Asymptomatic skull base metastases can be followed [100] and symptomatic patients treated with supportive therapy including steroids, analgesics, and bisphosphonates, as needed. Radiotherapy, alone or in combination with chemotherapy or surgery, is the most frequently used therapy (in >70%) [94]. Excellent pain relief and regression of cranial nerve dysfunction may occur and improved neurological function is seen if treatment commences early [93, 103]. SRS may be an alternative therapy, in particular for previously irradiated areas and for small metastases [94, 100, 104]. Lastly, surgery may be used in selected patients [94, 105]. Chemotherapy and endocrine therapies may be an option for patients with chemoresponsive disease [94].

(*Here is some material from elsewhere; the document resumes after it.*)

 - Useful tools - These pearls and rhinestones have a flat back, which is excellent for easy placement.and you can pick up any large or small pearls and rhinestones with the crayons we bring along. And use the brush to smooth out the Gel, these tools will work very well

Dural metastases are localized to dural and surrounding space (epidural and subdural) [106] and are most frequently associated with breast, prostate, lung, head and neck, and hematologic malignancies. Overall, BC is the primary cancer most often associated with dural metastases, occurring in 16.5–34% of cases [106–108]. Intracranial dural metastases occur in up to 10% of BC patients in autopsy series [106, 107]. Four mechanisms of dural seeding have been proposed: direct extension from skull metastases, hematogenous dissemination, seeding through Batson’s plexus, and spread from the lymphatic circulation [107]. Those derived from direct extension of skull metastases account for 60% and dural metastases from hematogenous spread for 36% [106, 108]. In most patients with BC and dural metastases, recurrent/progressive systemic disease (>80%) is found [106].

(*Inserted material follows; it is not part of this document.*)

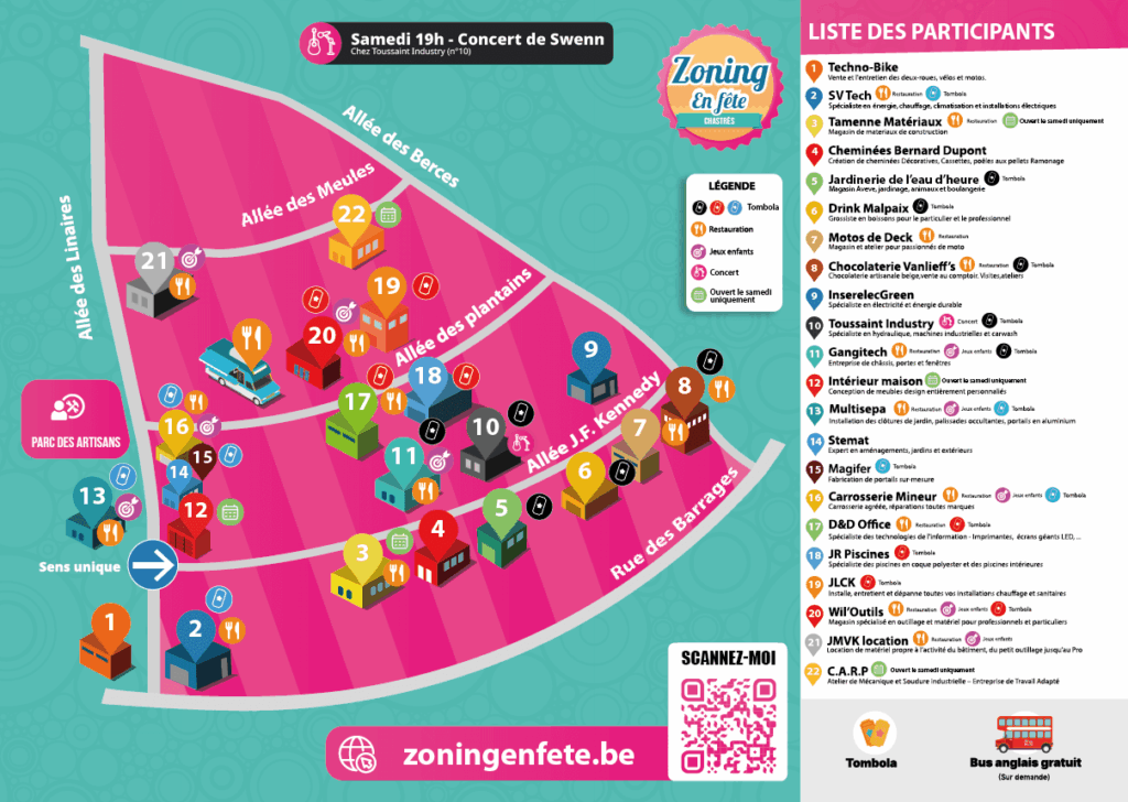 Ne manquez pas cette opportunité de découvrir notre zoning industriel sous un nouveau jour et de passer une journée riche en rencontres et en découvertes. Nous vous attendons nombreux pour célébrer ensemble le dynamisme de notre communauté d’entreprises.

In a retrospective cohort of 122 patients with intracranial dural metastases, the most frequent symptoms include headache (due to increased intracranial pressure) and cranial nerve palsy (due skull base location), followed by visual disorders, alterations in mental status, and seizures [106]. Signs and symptoms are related to the location and the extent of the dural metastases. Between 11 and 20% of patients are asymptomatic and diagnosed incidentally by brain imaging [106, 107]. Non-traumatic subdural hematoma, also called “pachymeningitis interna hemorrhagica,” can be observed in 15–40% of cases and generally are asymptomatic [106–108]. Cerebral venous thromboses have been described secondary to infiltration of the cerebral venous sinuses [106]. In one study, 56% of the patients had a single dural metastasis and 25% demonstrated diffuse dural enhancement. The most common sites of dural metastases were parietal (36%) or frontal (32%). Infratentorial lesions were observed in 11%. Dural metastases can appear as a localized thickening of the dura or as nodules, usually biconvex or lenticular in shape [106, 108]. A combination of diffuse dural enhancement and dural nodules can be observed as well. Homogeneous intense post-contrast enhancement is most often seen. MRI findings include a dural tail (44%), vasogenic edema (53%), and brain invasion (34%), most commonly by direct extension from skull [106]. Skull metastases are observed in 70% of cases [106]. Other findings may include venous sinuses involvement and subdural hematoma or effusions. Meningioma is the main differential diagnosis [106, 108]. Infections or inflammatory lesions may be considered as well in appropriate context.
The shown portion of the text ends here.